Server is now loaded and memory usage is now 280MB for 60 seconds. Autoscaler created an additional instance. Thats good news !

A user has sent a request to the server and the newly created instance picked it up. Its in progress(it takes 2 min to complete , but not memory intensive). By this time , the first instance became free and memory usage is 170MB ( for 60 seconds ) . Now its the time to autoscale by -1. What will happen to the running process in that instance ? will it crash ? or it has some special considerations before downscaling the instance ?

Ivan-Mirisola
Product and Topic Expert
Product and Topic Expert
0 Likes

Hi sreehari.vpillai,

The Autoscaler should not interfere with the way your application's stops gracefully. It will send a shutdown request to your application and once it has shutdown properly, its instance will be removed.

It is up to your as a developer to code your app to shutdown only after all processes have been executed and the application is in idle state. It all depends on how you code. For example: on Spring Boot 2.3 and up you must enable Graceful Shutdown it as it comes by default with Immediate Shutdown:

https://www.baeldung.com/spring-boot-web-server-shutdown

Best regards,
Ivan

Answers (1)

Answers (1)

arsalankhan2021
Product and Topic Expert
Product and Topic Expert

Hi Sreehari,

Autoscaler considers scaling rules in the same order as defined in the policy, i.e; the first and topmost rules that match will be executed.

Considering the given example above:

if scaling succeeds based on the CPU metric (first two rules), the memoryused metric will be skipped.
Also, Autoscaler recommends to put your most important scaling rules first.

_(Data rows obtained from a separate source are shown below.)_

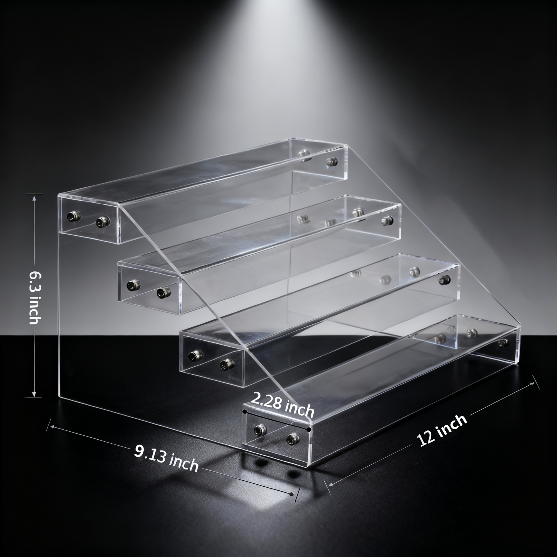 Crafted from thick, high-quality acrylic, this display stand offers excellent durability and load-bearing strength. The transparent finish enhances visibility while the triangular side brackets with embedded screws provide extra stability, ensuring your items stay securely in place without wobbling or bending.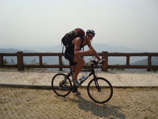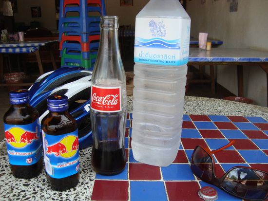 Ich hab die Steigungen nach 100 km nicht mehr gezählt doch die manchmal über 15% Steigung ließen mich das ein oder andere Mal in Zickzacklinie die Berge hinaufquälen. Nach den recht kurzen steilen Abfahrten lauerte dann schon wieder die nächste Wand. Jedenfalls ist die Nahrungs- und Flüssigkeitsaufnahme ja wesentlich entscheidend dafür, wann die Beine Protest anmelden. Mit Cola und diesen Thai-Red Bull Dingern für gut 20 €-cent, viel Wasser, einer guten Nudelsuppe oder dgl. fand ich mittlerweile die beste Mischung, die Steilpisten hinter mir zu lassen.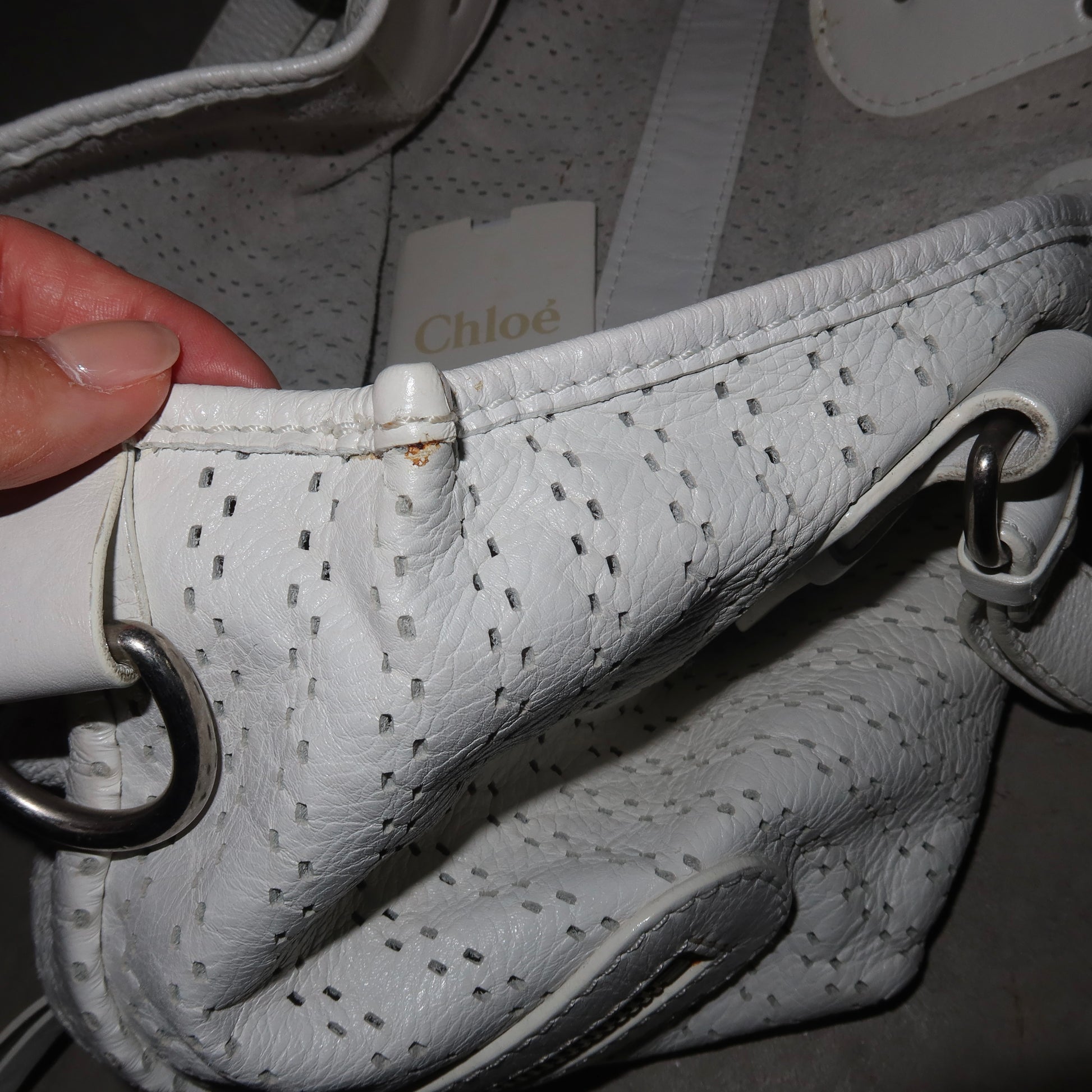 Chloé White Perforated Leather Kerala Bag
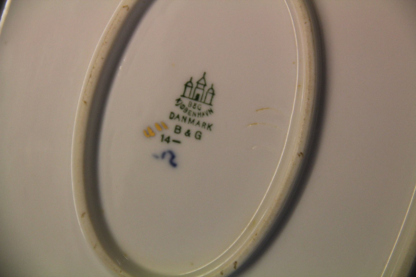 014 Stort ovalt stegefad 46 cm B&G Blåmalet Kipling Sommerfugl med guld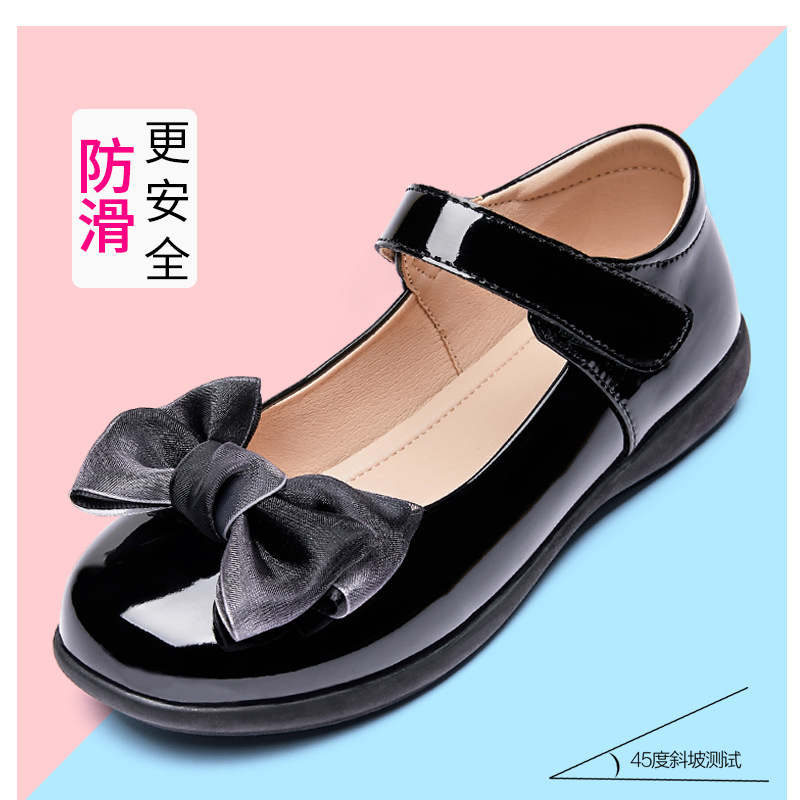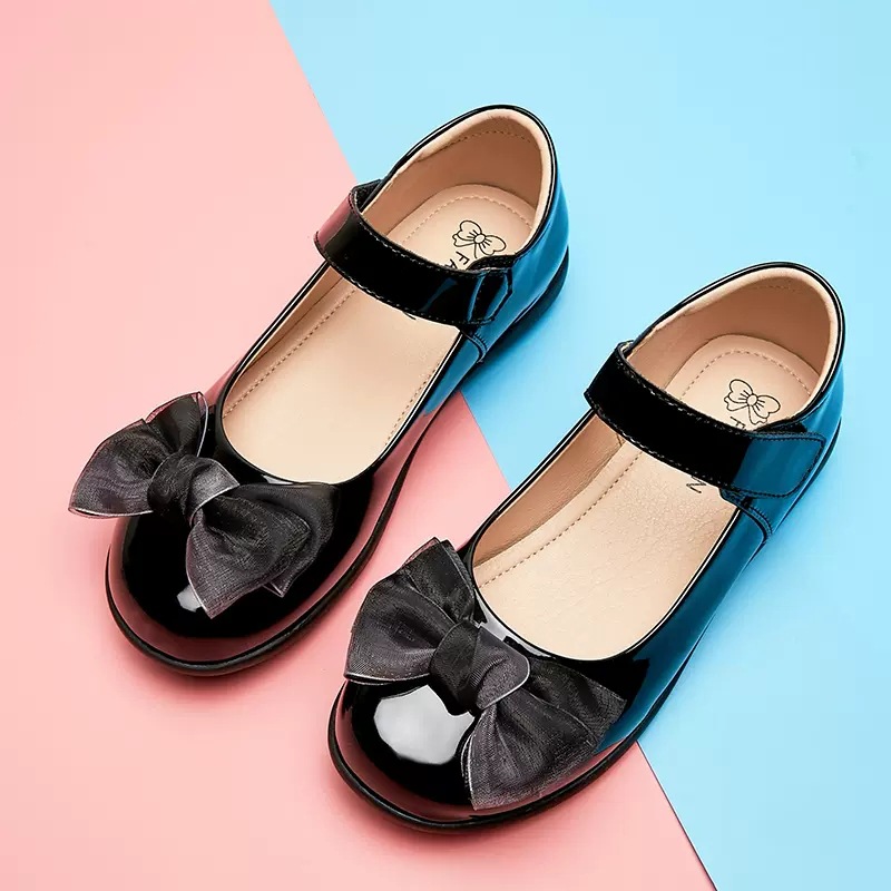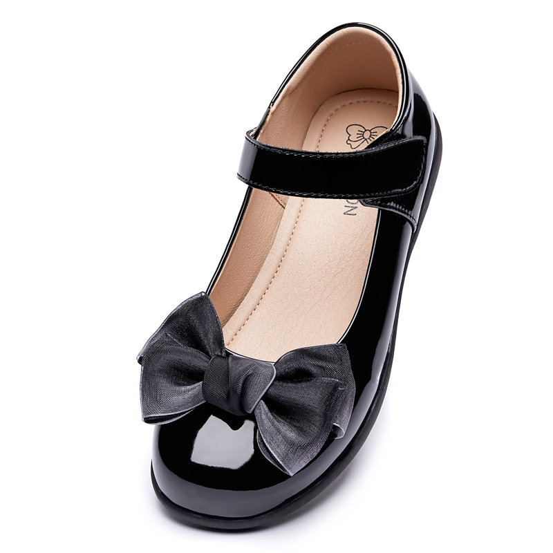 Детские кожаные туфли, черные, весна 2025, на мягкой подошве, для детей старшего возраста, школьные туфли для девочек, туфли для выступлений в стиле принцессы, в университетском стиле.

Using the Application Autoscaler Dashboard, you can also monitor the scaling histories which helps you to troubleshoot and resolve issues if the scaling doesn’t match the defined policy.

Regards,
Arsalan

sreehari_vpillai
Active Contributor
0 Likes

I wasn’t clear about the logical AND applied on multiple conditions if mentioned .

BrijeshVyas
Newcomer
0 Likes
Hi Guys, I am not sure if any help is already out there or not. We are having issue when we use metric type througput/response time. SAP Backend executes program and sends muiltiple transactions at once using Threading. So we defined Autoscaler to increase instance by 1 if CPU is above 80 for given period of time(Works Fine) and then metric to remove additional instance if we do not have response for more than say 5-10 mins. It removes the instance even though we have jobs running in backend and teminates all backend transaction.